> _What this task involves_
Pull out every line from the listing that has the word "Mitzi".
-------- Dataset excerpts
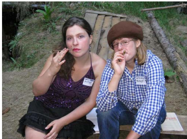
Slečna Mitzi a Hercule Poirot

v polovině programu vyhlásila báječná slečna Mitzi, že se začnou prodávat také pouťová štěstíčka. Ač již někteří byli téměř švorc, štěstíčka šla skutečně na dračku. Avšak každá zábava musí ale jednou skončit, a tak i slečna Mitzi ukončila program a my museli jít spát. Škoda, bylo to fajn!
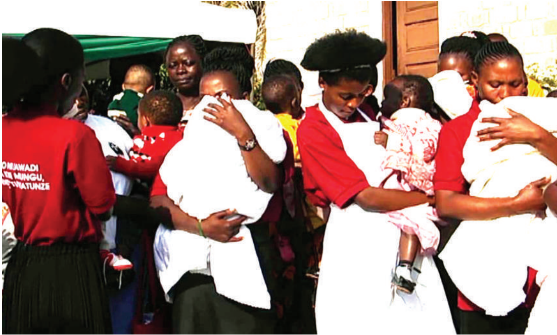
Baadhi ya watoto wanaolelewa katika Kituo cha Kulea Watoto, wakiwa wamebebwa na wasaidizi wao.

“Wengine wanaandikisha taarifa za uongo, tukienda tukafika huko tunaambiwa huyo mtu ha-
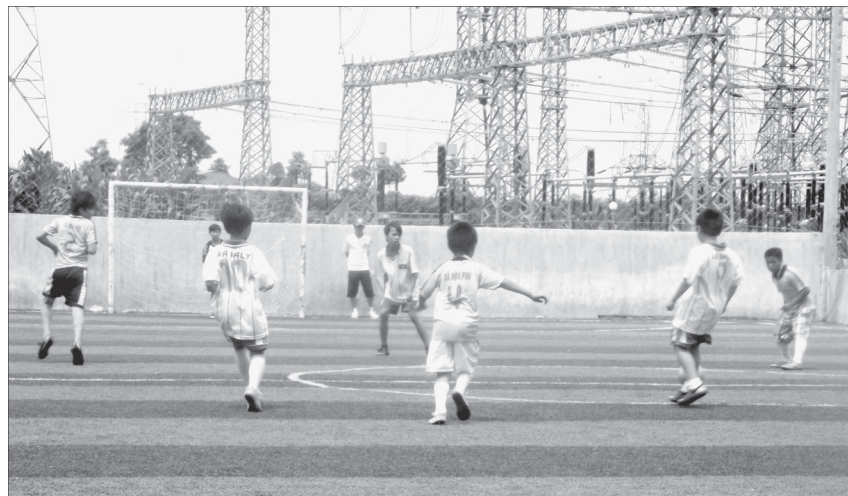
Sân bóng nằm trong hành lang an toàn lưới điện.
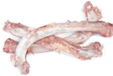
Restos de carne
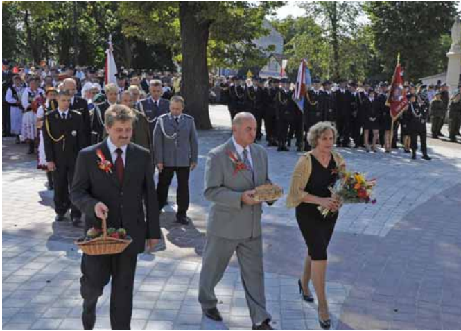
▲ Procesja z darami
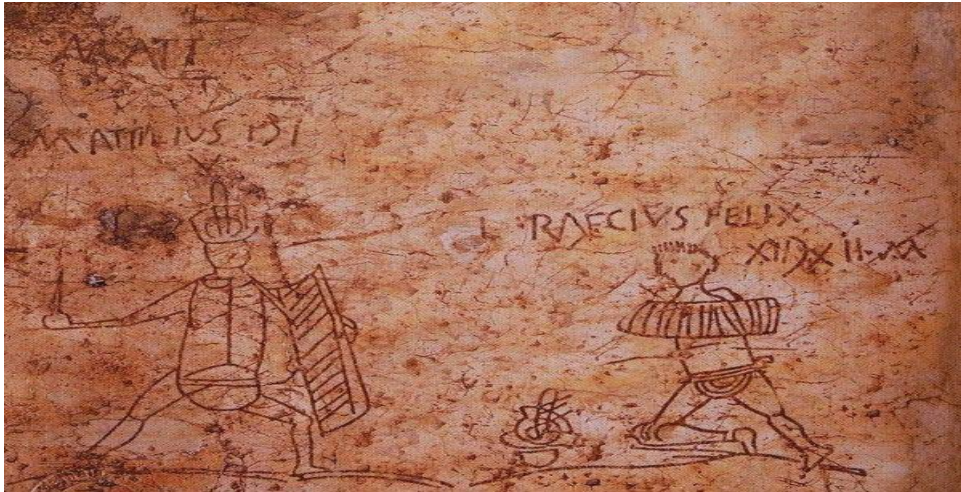
Fig. 4.- Mosaico del Museo Nacional de Mérida. Representación de varios gladiadores

De la misma manera existieron emperadores que por su gran afición a las luchas de gladiadores bajaron a la arena a combatir. Los casos más destacables son el de Calígula y Nerón aunque solamente combatían en arenas privadas, al igual que Tito, Adriano, Didio Juliano, Caracala, Macrino y Cómodo.
----------------
> _Written solution_
Slečna Mitzi a Hercule Poirot
v polovině programu vyhlásila báječná slečna Mitzi, že se začnou prodávat také pouťová štěstíčka. Ač již někteří byli téměř švorc, štěstíčka šla skutečně na dračku. Avšak každá zábava musí ale jednou skončit, a tak i slečna Mitzi ukončila program a my museli jít spát. Škoda, bylo to fajn!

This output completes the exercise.